Introduction to Testing Mule
This page provides a brief overview of testing Mule, linking testing concepts to the tools available to test your Mule applications, as well as to more in-depth pages detailing each concept.
|For Java information, see the Mule Kernel 3.8.1 Test API.|
There are several types of testing. Likely, you focus on one or more types depending on your specific needs, such as specific contexts or products.
From the point of view of a Mule applications developer, it’s fair to say that there are two main types of testing that you should focus on when validating the behavior of your Mule application:
The concept of the unit test may vary according to the programming paradigm that you are working on, but it always revolves around the same core concept: to validate the correctness of an individual unit of source code.
In the context of unit testing, we consider a unit of code to be the smallest testable part of an application. What exactly constitutes the smallest testable part of an application depends on the application. In the case of Mule applications, we consider that the smallest testable part is a Mule flow (
sub-flow); thus this is our unit of code.
Ideally, each test case should be independent from each other.
|It is the work of the developer to ensure test inter-independency.|
The code you test may interact with other units of code or components, and you should take this possibility into account when designing your unit test. A good unit test should ensure the isolation of the unit of code being tested, to avoid mistaking failure in other components for failure in the unit of code being tested.
To isolate your target unit of code, use tools such as the
mock message processor provided by MUnit.
Units of code collaborate between them to create an actual application. You test individual units of code with unit tests, and you test how units of code collaborate between them with integration tests.
The goal of an Integration test is to validate that different units of code and modules work together as intended.
Ideally, integration tests should aggregate units of code modules that have already been successfully unit-tested. For this reason, you should run your integration tests after your unit tests.

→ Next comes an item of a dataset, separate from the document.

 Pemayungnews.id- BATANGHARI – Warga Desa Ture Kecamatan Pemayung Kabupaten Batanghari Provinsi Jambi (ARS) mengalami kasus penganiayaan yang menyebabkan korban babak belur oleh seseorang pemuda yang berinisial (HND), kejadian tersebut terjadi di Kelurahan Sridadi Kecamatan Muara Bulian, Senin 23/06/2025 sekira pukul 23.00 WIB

Depending on the nature of your application, integration tests may require sandboxes, that is, environments for your application to connect to. When working with sandboxes, take care to ensure that the state of the data in the sandbox is correct for the test to produce the intended result. Perform this before and after running the integration test.

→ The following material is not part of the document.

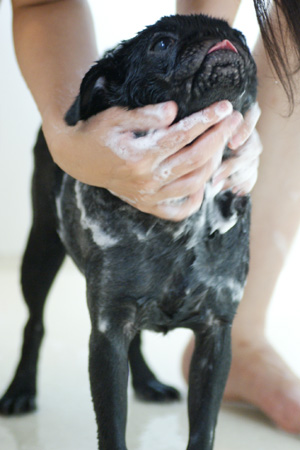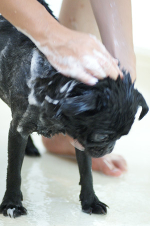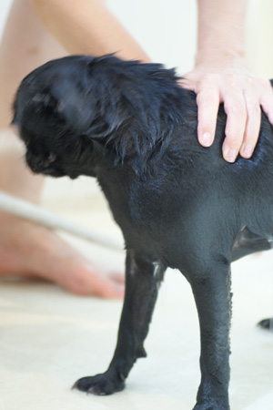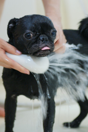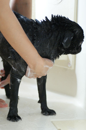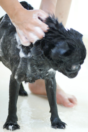 首の毛が多いので、念入りに流します。

This section defines guidelines for creating flows that are easier to test. Usually, writing testable code implies creating a more configurable, extensible, and readable application.
Modularize your code: Breaking down your code in different files helps with readability. The usual way to do this is to group flows that help to achieve a common goal, or group code according to specific functional criteria.

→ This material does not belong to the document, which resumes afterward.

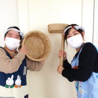 11月の制作では花紙をくしゃくしゃして制作をしましたが、今回は手触りが少―し硬い新聞紙を使った活動です💡 前半は、“新聞紙に慣れよう”ということで、新聞紙をちぎったり、丸めたりして遊びました☺ …

Modularizing your code allows you to load only that portion of code that you actually wish to test, avoiding the need to load unnecessary configurations during your test.
Write short flows: Long flows are hard to follow and sometimes even harder to code; certainly they are harder to maintain. From the perspective of unit testing, long flows offer too many scenarios that can be triggered by a single point. Long flows can force you to perform very complex evaluations to validate a single scenario and are best avoided.
Define execution environments: Parameterize your code using placeholders. Normal use cases for this include addresses of outbound endpoints, such as DB or HTTP. Using placeholders allows you to modify the actual address when running tests (either unit or integration), and make it easier to promote your code between environments (DEV/QA/UAT/PROD).
Just like you make your code testable, you should code your tests to be readable and maintainable.
One thing that helps is the name you give to the test. Name your test by what to see when the test fails. This rule also applies to the error thrown by the test upon failure. There are few things harder to understand than a wrongly-written or ambiguous error message. As stated earlier, avoid long flows because they are harder to follow. Code your test so that the scenario being covered and the failure conditions are explicit.
MUnit is a Mule testing framework that lets you easily automate testing Mule applications, using both unit and integration tests. MUnit also provides a set of tools, such as a message processor mocking framework that lets you test units of code in actual isolation.
|Mule applications running in Mule Runtime v3.8 and newer can only be tested using MUnit v1.2.0 or higher.|
Mule provides legacy tools for testing your custom Mule applications using Java code. These tools provide the testing functionality but lack some features provided by MUnit, such as mocking.
Mule also offers tools like the Profiler Pack designed to assist in identifying memory leaks in your custom Mule extensions.